Critical alarms (error rates, 5XX rates, DynamoDB system errors) go to the critical topic. Warnings (throttles, 4XX rates, p99 latency) go to the warning topic. Both topics are KMS-encrypted. Email addresses come in via a list input, so adding a new subscriber is a config change, not a console click.

The Teams piece is worth calling out because it's often described incorrectly. There is no Teams webhook involved here. Microsoft Teams exposes a per-channel email address — any message sent to that address posts into the channel. So "route critical alerts to the ops channel" becomes: subscribe the Teams channel's email address to the SNS topic, same as any other email subscriber.
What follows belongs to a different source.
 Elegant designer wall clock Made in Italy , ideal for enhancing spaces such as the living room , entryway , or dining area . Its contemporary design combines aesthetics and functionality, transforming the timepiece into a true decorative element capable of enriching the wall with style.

SNS fans out → Teams ingests the email → the channel gets the message. No bot, no bespoke integration, no token to rotate.

email_addresses = compact([
  var.ops_oncall_email,
  "<teams-channel-id>@amer.teams.ms",
])

It's the simplest possible thing that works, and it survives vendor changes to Teams webhook APIs because it doesn't use them.
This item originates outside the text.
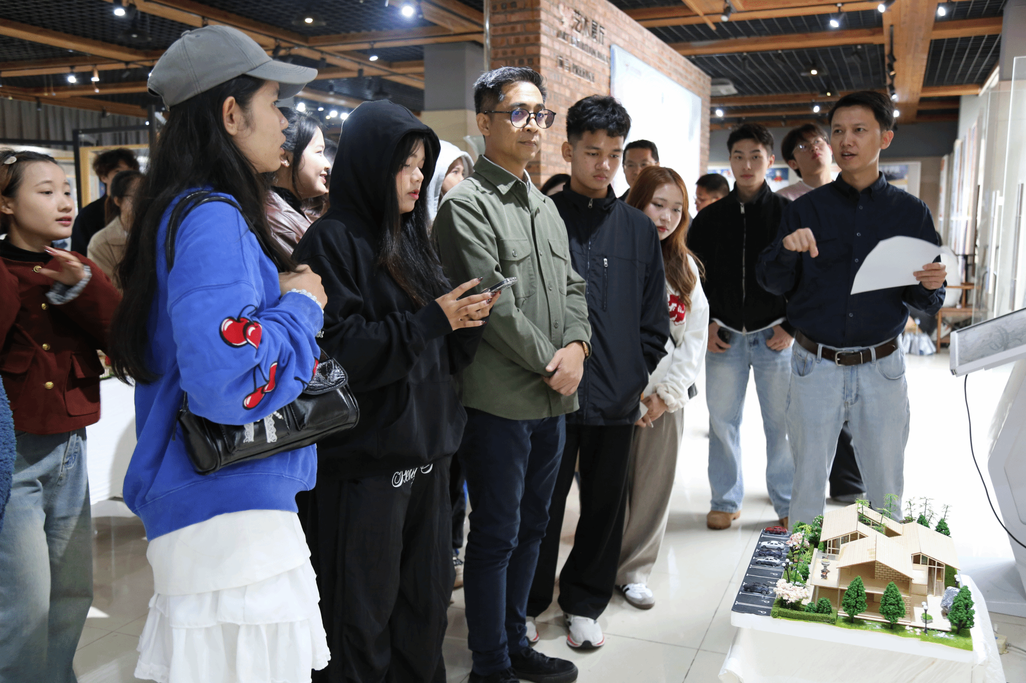 随后的座谈会上,双方围绕“地域文化赋能艺术教育”展开讨论。我院教师分享了“采风+创作+展览”的实践教学模式,泰国师生则介绍了其本国高校写生课程中的应用案例。代表团Panu Suaysuwan教师表示,赛事作品的专业水准与黔阳采风作品的文化温度令人印象深刻,为两校实践教学提供了宝贵参考。此次参观交流不仅让泰国师生直观感受到中国艺术的多元魅力,更为两校搭建了专业对话的桥梁。参加活动的院领导张记刚表示,未来将继续推动建立两校艺术专业学生联合创作项目,以艺术为纽带深化中泰文化交流。

Pattern 5: Per-resource-type alarm taxonomy

Different AWS services expose different metrics, but the alarm taxonomy stays consistent: errors, throughput problems, and latency. For each resource type I cover all three.

Lambda:

Error rate (metric math, critical) — errors as % of invocations
Throttles (raw count, warning) — concurrency ceiling hit
Duration p99 (extended statistic, warning) — performance regression

API Gateway:

5XX rate (metric math, critical) — server failures
4XX rate (metric math, warning) — client issues or misrouted requests
Latency p99 (extended statistic, warning) — slow endpoints

DynamoDB (using for_each over tables):

SystemErrors (critical) — AWS-side failures
UserErrors (warning) — malformed requests, usually our bug
ReadThrottleEvents / WriteThrottleEvents (warning) — capacity undersized
SuccessfulRequestLatency (warning) — slow queries

Each threshold is configurable via a monitoring_config variable, so staging can run looser thresholds than production without duplicating resource definitions. Defaults in the module, per-environment overrides slot in through the same env.hcl path that sets log retention.

What this buys you

Sandbox spin-up creates no alarms — one flag, no page storms.
A threshold change is a three-line MR with a reviewer, not a console click.
A new DynamoDB table gets all five alarm types automatically because it's in the for_each.
Log retention and thresholds are set per environment by the same file that sets the account ID.
Teams gets notified without a webhook, without a token, without a dedicated integration.

None of this is clever. It's taking the same "config is code" discipline you already apply to application infrastructure and extending it to the observability layer. Your alarms shouldn't be folklore — they should be in the repo, tagged, reviewed, and deployed, same as everything else.